Other U.S. economic data released over the past week:
– Jobless Claims (week ending May 11, 2019, First-Time Claims, seasonally adjusted): 212,000 -16,000 vs. previous week; -9,000 vs. the same week a year earlier). 4-week moving average: 225,000 (+5.2% vs. the same week a year earlier).
– Import Prices (April 2019, All Imports, not seasonally adjusted): +0.2% vs. March 2019, -0.2% vs. April 2018. Nonfuel Imports: -0.1% vs. March 2019, -0.9% vs. April 2018.
– Export Prices (April 2019, All Exports, not seasonally adjusted): +0.2% vs. March 2019, +0.3% vs. April 2018. Nonagricultural Exports: +0.4% vs. March 2019, +0.7% vs. April 2018.

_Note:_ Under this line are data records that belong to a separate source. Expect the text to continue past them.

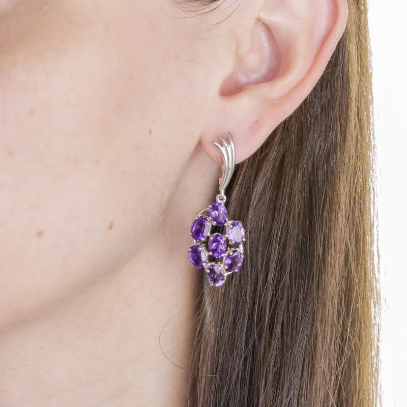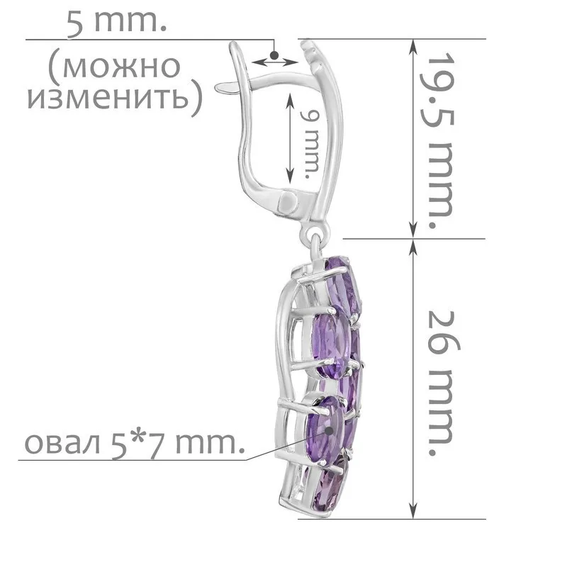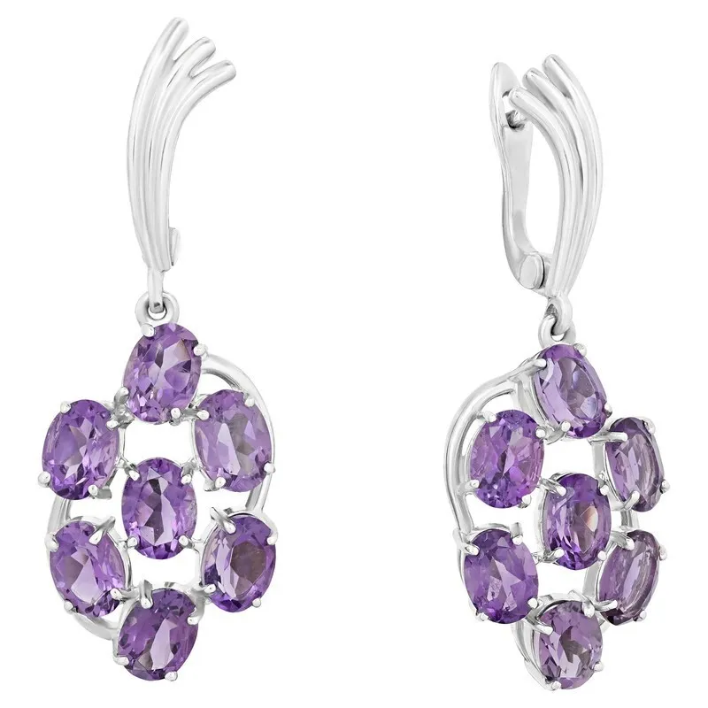 Серебряные серьги с натуральным аметистом - коллекция Аэлита. Средний вес изделия с камнями 9.85 гр. Месторождение: Аметист (Приполярный Урал, Россия). Аметист (Натуральный) овал 5*7 мм., средний вес: 0.81 карат. Все изделия собственного производства. Гарантия 12 месяцев.Арт. 7821. Аметист — прозрачный или полупрозрачный камень фиолетовых оттенков, подвид кварца. Он гармонизирует разум, снимает стресс, улучшает кровообращение, способствует умственному развитию и личностному росту. Считается, что он также оберегает от головной боли и бессонницы, служит противоядием, помогает избавиться от алкоголизма и наделяет владельца проницательностью, раскрывая «третий глаз» (за который отвечает чакра аджна). В медитации помогает расслабиться и успокоиться. Положенный под подушку, аметист приносит хорошие сны.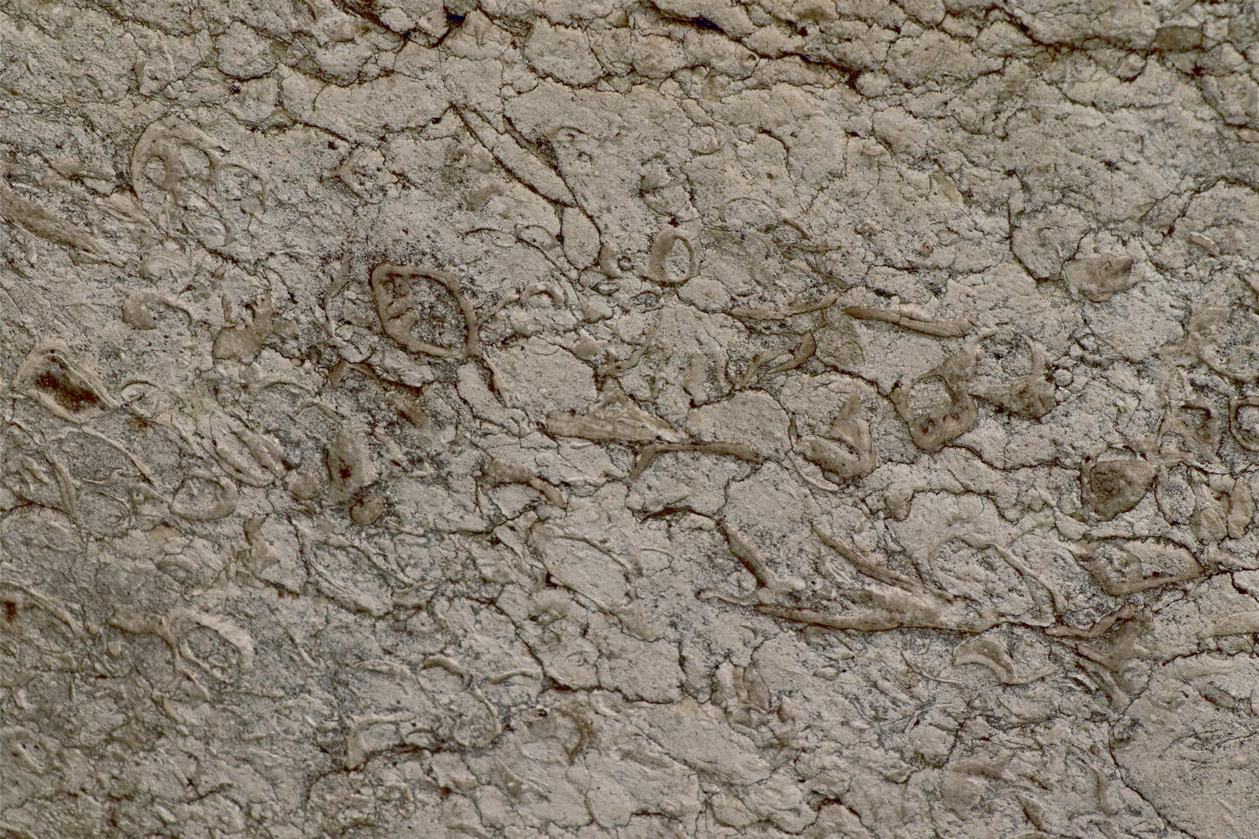 Многочисленные остатки рудистов в известняке Эшайон. Фото Антона Ульяхина, Париж, 26 апреля 2023 года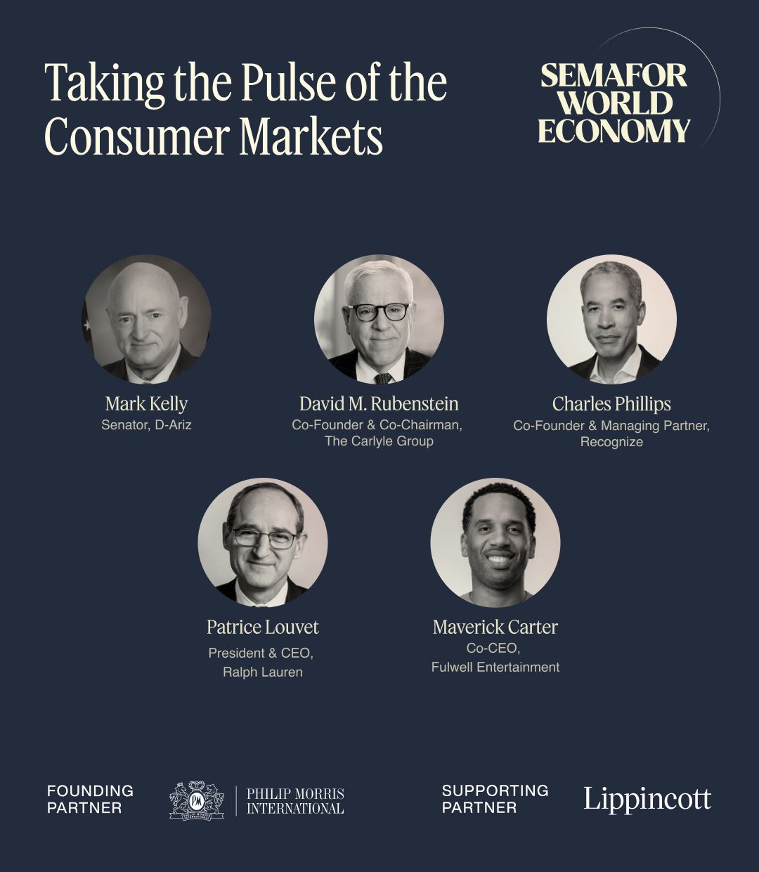 Mark Kelly, Senator, D-Ariz.; David Rubenstein, Co-Founder & Co-Chairman, The Carlyle Group; Charles Phillips, Co-Founder & Managing Partner, Recognize; Patrice Louvet, President & CEO, Ralph Lauren; Maverick Carter, Co-CEO, Fulwell Entertainment; and more will join the Taking the Pulse of the Consumer Markets session at Semafor World Economy. This session will examine how businesses are identifying what is strengthening or fracturing among consumers, and what early insights are indicating about future growth. April 15, 2026 | Washington, DC | Apply to attend |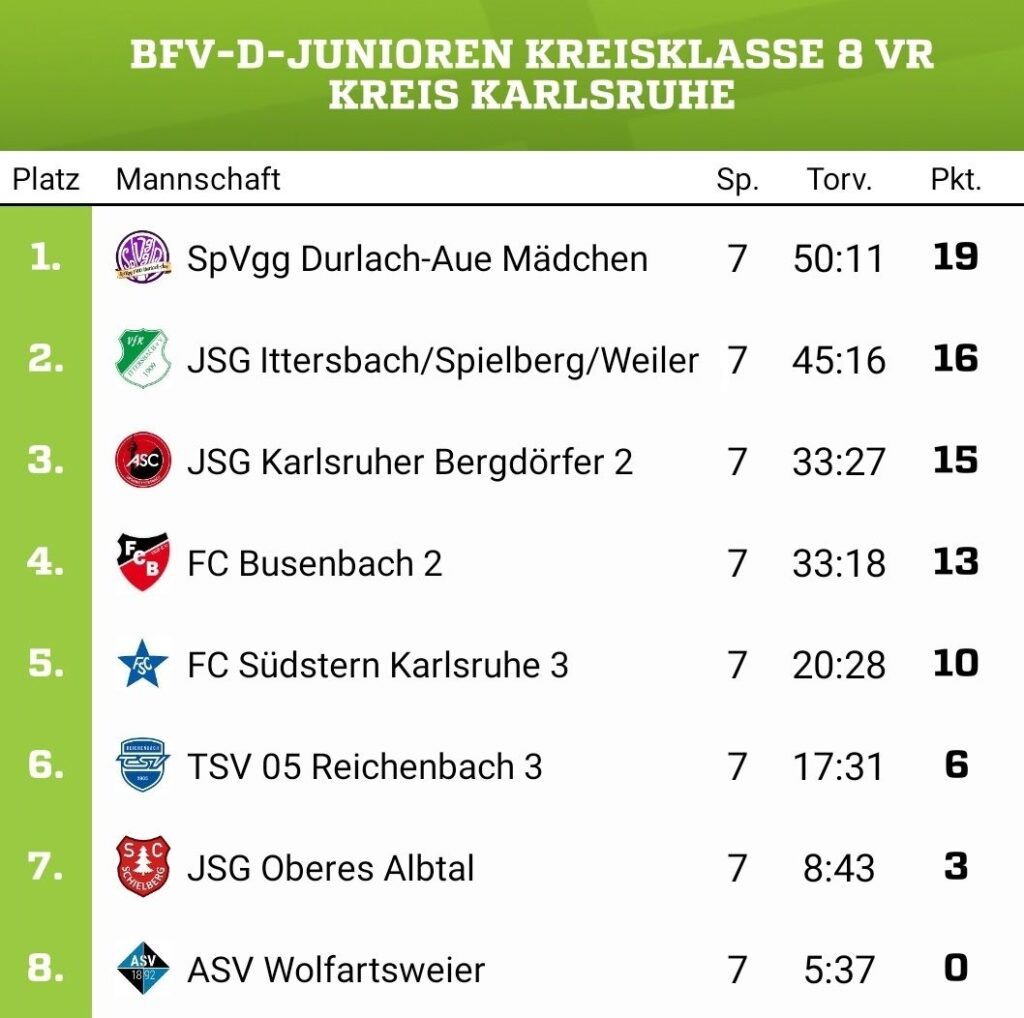 Somit stehen sowohl bei der B- als auch bei der D-Jugend die Abschlusstabellen der Vorrunde fest, die neue Einteilung erfolgt in den nächsten Tagen. Bei der A- und C-Jugend läuft dies wie bei der B-Jugend ab, hier konnten wir jedoch wegen Spielermangel keine Mannschaft melden.

– Leading Indicators (April 2019, Index (2016=100)): 112.1 (vs. March 2019: 111.9, vs. April 2018: 109.1).
– University of Michigan Consumer Sentiment (May 2019-preliminary, Index of Consumer Sentiment (1966Q1=100), seasonally adjusted): 102.4 (vs. April 2019: 97.2, May 2018: 98.0).
– State Employment (April 2019, Nonfarm Payrolls, seasonally adjusted): Vs. March 2019: Up in 10 states, down in 1 state, and essentially unchanged in 39 states and the District of Columbia. Vs. April 2018: Up in 29 states and essentially unchanged in 21 states and the District of Columbia.
– Business Inventories (March 2019, Manufacturers’ and Trade Inventories, seasonally adjusted): $2.018 trillion (Unchanged vs. February 2019, +5.0% vs. March 2018).
– Treasury International Capital Flows (March 2019, Net Foreign Purchases of U.S. Securities, not seasonally adjusted): -$20.6 billion (vs. February 2019: +$52.8 billion, vs. March 2018: -$14.8 billion).